Behind him, on the other side of the portal, he heard Rai-guy’s howling laughter. Yes, the drow wizard thought he now possessed the Crystal Shard, the assassin realized. He’d soon try to put it to use, no doubt calling forth a beam of energy as Jarlaxle had done to the fleeing spy. Perhaps that was why no pursuit came out of the portal.
As he ran, Entreri dropped his hand once more to the real Crystal Shard. He sensed that the artifact was enraged, shaken, and understood that it had not been pleased when Entreri had gone near to Jarlaxle, thus bringing it within the glow of Rai-guy’s nullifying light.
“Dispel the magical doorway,” he commanded the item. “Trap them and crush them.”
Glancing back he saw that Kimmuriel’s doorway, half of it within the province of Crenshinibon’s absolute domain, was gone.
“The tower,” Entreri instructed. “Bring it tumbling down and together we will construct a line of them across Faerun!”
The promise, spoken so full of energy and enthusiasm, offering the artifact the very same thing it always offered its wielders, was seized upon immediately.
Entreri and Jarlaxle heard the ground rumbling beneath their feet.
They ran on, across the way to a campground beside the small pond of Dallabad. They heard cries from behind them, from soldiers of the fortress, and the cries of astonishment before them from traders who had come to the oasis.
Those cries only multiplied when the traders saw the truth of the two approaching, saw a dark elf coming at them!
Entreri and Jarlaxle had no time to engage the frightened, confused group. They ran straight for the horses that were tethered to a nearby wagon and pulled them free. In a few seconds, with a chorus of angry shouts and curses behind them, the duo char
ged out of Dallabad, riding hard, though Jarlaxle looked more than a little uncomfortable atop a horse in bright daylight.
Entreri was a fine rider, and he easily paced the dark elf, despite his posture, which was bent over and to the side in an attempt to keep his blood from flowing freely.
“They have the Crystal Shard!” Jarlaxle cried angrily. “How far can we run?”
“Their own magic defeated the artifact,” Entreri lied. “It cannot help them now in their pursuit.”
Behind them the first tower crashed down, and the second toppled atop the first in a thunderous explosion, all the binding energies gone, and all the magic fast dissipating to the wind.
Entreri held no illusions that Rai-guy and Kimmuriel, or their henchmen, had been caught in that catastrophe. They were too quick and too cunning. He could only hope that the wreckage had diverted them long enough for he and Jarlaxle to get far enough away. He didn’t know the extent of his wounds, but he knew that they hurt badly, and that he felt very weak. The last thing he needed then was another fight with the wizard and psionicist or with a swordsman as skilled as Berg’inyon Baenre.

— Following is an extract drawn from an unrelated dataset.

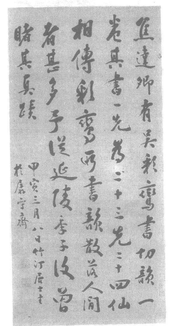 清。纸本。纵98.3厘米,横48厘米。北京故宫博物院藏。钱大昕(清雍正六年—清嘉庆九年,即公元1728—1804年),字晓徵,号辛楣、竹汀,江苏嘉定(今上海市)人。乾隆十九年(公元1754年)进士。官至少詹事。督学广东。历主钟山、娄东、紫阳书院。精研群籍,于经史百家、音韵训诂、典章制度、舆地历算无所不通,尤精金石汉隶,为乾嘉学派重要学者之一。此幅作品,大字行书,流宕转换,气势奔放,多用中锋浓墨,结体开张而稳重,是晚年佳作。

Fortunately, no pursuit became evident as the minutes turned to an hour, and both horses and riders had to slow to a stop, fully exhausted. In his head, Entreri heard the chanting promises of Crenshinibon, whispering to him to construct another tower then and there for shelter and rest.
He almost did it and wondered for a moment why he was even thinking of disagreeing with the Crystal Shard, whose methods seemed to lead to the very same goals that he now held himself.
With a smile of comprehension that seemed more a grimace to the pained assassin, Entreri dismissed the notion. Crenshinibon was clever indeed, sneaking always around the edges of opposition.
Besides, Artemis Entreri had not run away from Dallabad Oasis into the open desert unprepared. He slipped down from his horse, to find that he could hardly stand. Still, he managed to slip his backpack off his shoulders and drop it to the ground before him, then drop to one knee and pull at the strings.